[Data items]
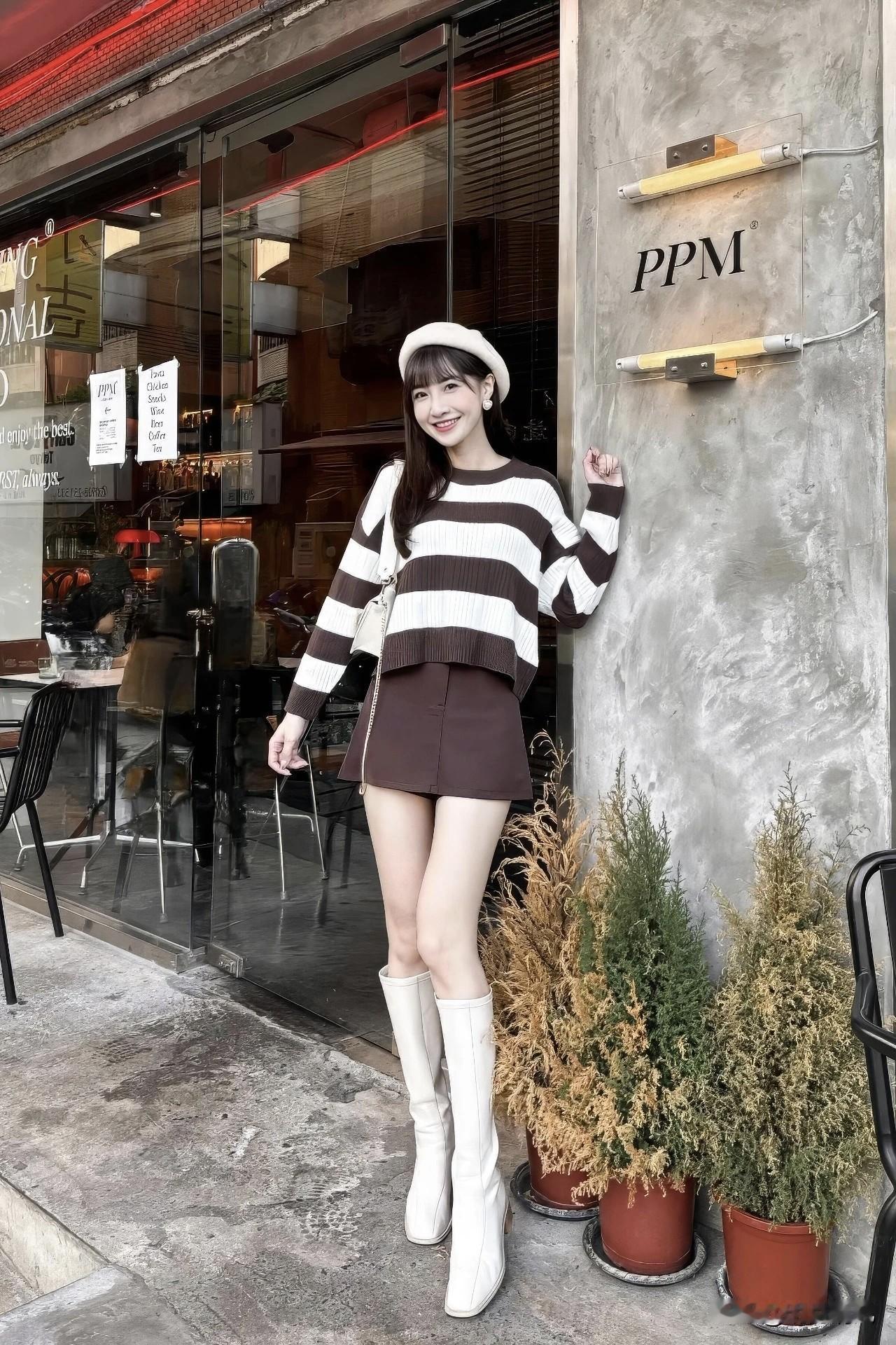 试了下“棕+白”的配色,真的被显白效果惊到了! 棕色条纹毛衣搭同色系裙裤,本来担心会有点沉闷,但配了双白色长靴,整个人瞬间亮了起来。朋友说今天看起来气色特别好,问我是不是换粉底了😂 其实穿搭就是这么神奇,棕色的沉稳被白色一中和,既温柔又清爽,还特别显白。以前总不敢尝试大地色,怕显老气,没想到搭对了居然这么耐看。 你们平时喜欢棕色系的搭配吗?一般会用什么颜色来配? 新年爱好打卡时尚穿搭 穿搭指南
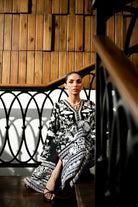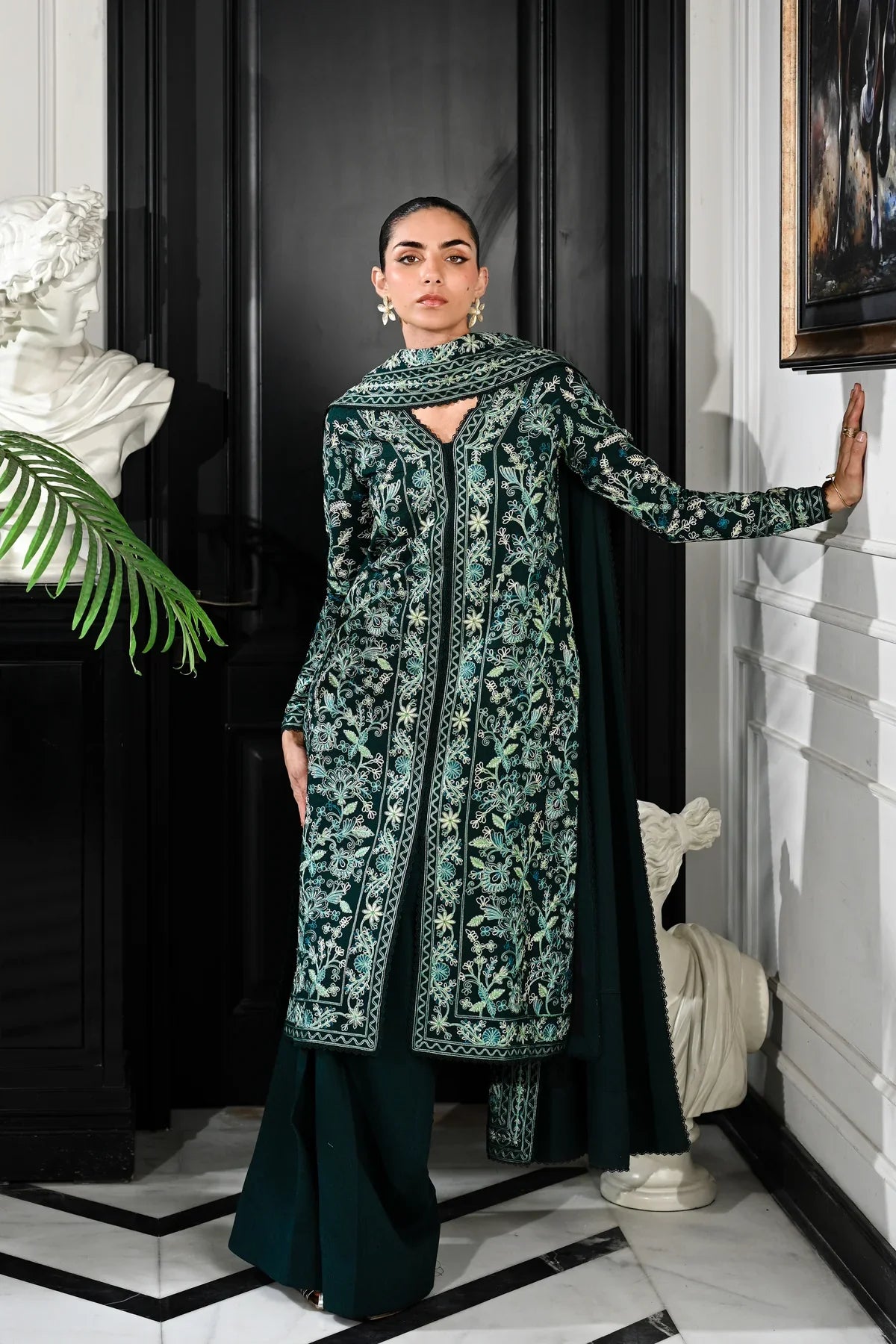 This exquisite dark green karandi ensemble is beautifully adorned with intricate thread embroidery in contrasting shades, creating a striking and elegant design. The long embroidered shirt features detailed floral and geometric patterns, enhanced with a subtle neckline cut-out for a modern touch. Paired with a matching karandi trouser, it ensures a graceful yet comfortable fit. The ensemble is completed with a finely embroidered karandi shawl, adding sophistication and charm. Perfect for festive occasions and formal gatherings, this outfit is a true reflection of timeless elegance and refined craftsmanship.
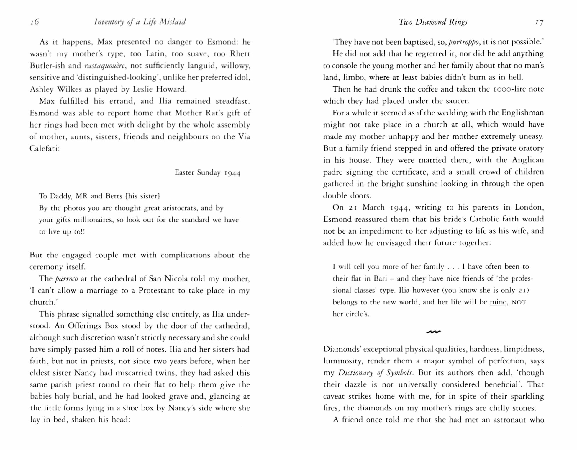 Inventory of a Life Mislaid follows Marina Warner’s beautiful, penniless young mother Ilia as she leaves southern Italy in 1945 to travel alone to London. Her husband, an English colonel, is still away in the war in the East as she begins to learn how to be Mrs Esmond Warner, an Englishwoman.
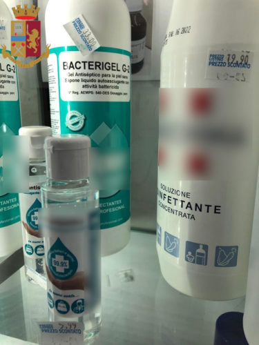 ntità di prodotti che i farmacisti avevano accumulato. Gli stessi non solo si erano riforniti tramite le consuete ditte all’ingrosso, ma avevano addirittura svuotato i vicini supermercati di prodotti per la sanificazione della casa. Infatti sono stati trovati numerosi flaconi per lavare e disinfettare le superfici con marchi di una catena di supermercati locali, acquistati, come da fattura del 24 febbraio, ad un prezzo di 81 centesimi l’uno e messi in vendita al pubblico a 8 euro ciascuno. In tutto sono stati sequestrati oltre 4 mila articoli, tra disinfettanti, guanti ed occhiali protettivi.
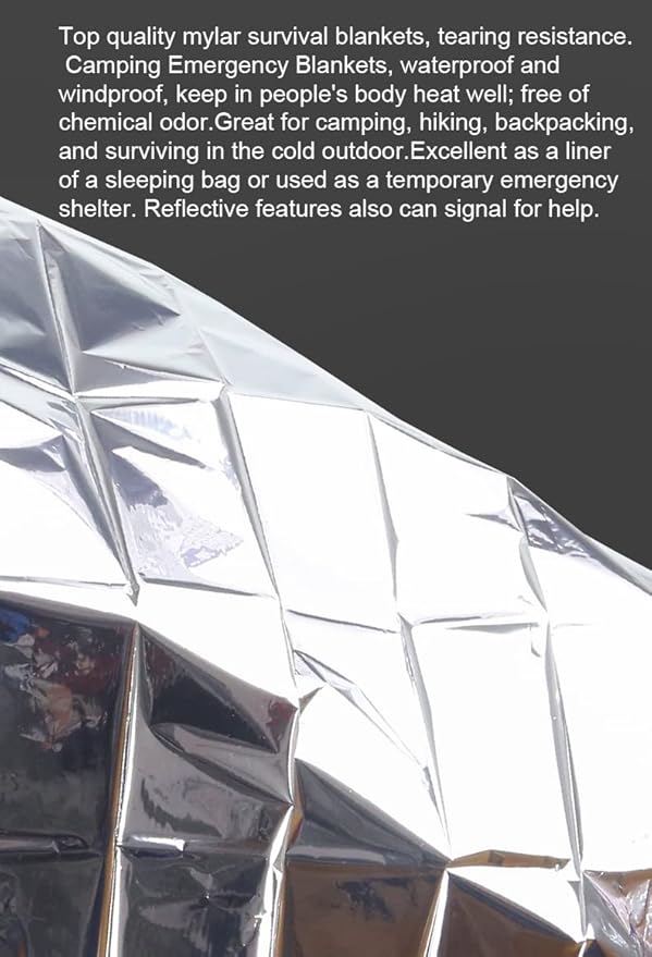 - MULTIFUNCTIONAL - This emergency blanket survival gear is waterproof, moisture-proof, and UV-proof, with high temperature and low temperature resistance. It is very suitable as a outdoor gear for both men and women for such activities as hiking, camping, backpacking and mountaineering. Our thermal blankets can be used as ground covering, sleeping bag liner, emergency poncho, emergency tent, car blanket, camping tarp against wind and rain, etc.

- [What needs to be done]
Retype the data in full. Images do not go in the copy.

- [Exercise answer]
 试了下“棕+白”的配色,真的被显白效果惊到了! 棕色条纹毛衣搭同色系裙裤,本来担心会有点沉闷,但配了双白色长靴,整个人瞬间亮了起来。朋友说今天看起来气色特别好,问我是不是换粉底了😂 其实穿搭就是这么神奇,棕色的沉稳被白色一中和,既温柔又清爽,还特别显白。以前总不敢尝试大地色,怕显老气,没想到搭对了居然这么耐看。 你们平时喜欢棕色系的搭配吗?一般会用什么颜色来配? 新年爱好打卡时尚穿搭 穿搭指南
 This exquisite dark green karandi ensemble is beautifully adorned with intricate thread embroidery in contrasting shades, creating a striking and elegant design. The long embroidered shirt features detailed floral and geometric patterns, enhanced with a subtle neckline cut-out for a modern touch. Paired with a matching karandi trouser, it ensures a graceful yet comfortable fit. The ensemble is completed with a finely embroidered karandi shawl, adding sophistication and charm. Perfect for festive occasions and formal gatherings, this outfit is a true reflection of timeless elegance and refined craftsmanship.
 Inventory of a Life Mislaid follows Marina Warner’s beautiful, penniless young mother Ilia as she leaves southern Italy in 1945 to travel alone to London. Her husband, an English colonel, is still away in the war in the East as she begins to learn how to be Mrs Esmond Warner, an Englishwoman.
 ntità di prodotti che i farmacisti avevano accumulato. Gli stessi non solo si erano riforniti tramite le consuete ditte all’ingrosso, ma avevano addirittura svuotato i vicini supermercati di prodotti per la sanificazione della casa. Infatti sono stati trovati numerosi flaconi per lavare e disinfettare le superfici con marchi di una catena di supermercati locali, acquistati, come da fattura del 24 febbraio, ad un prezzo di 81 centesimi l’uno e messi in vendita al pubblico a 8 euro ciascuno. In tutto sono stati sequestrati oltre 4 mila articoli, tra disinfettanti, guanti ed occhiali protettivi.
 - MULTIFUNCTIONAL - This emergency blanket survival gear is waterproof, moisture-proof, and UV-proof, with high temperature and low temperature resistance. It is very suitable as a outdoor gear for both men and women for such activities as hiking, camping, backpacking and mountaineering. Our thermal blankets can be used as ground covering, sleeping bag liner, emergency poncho, emergency tent, car blanket, camping tarp against wind and rain, etc.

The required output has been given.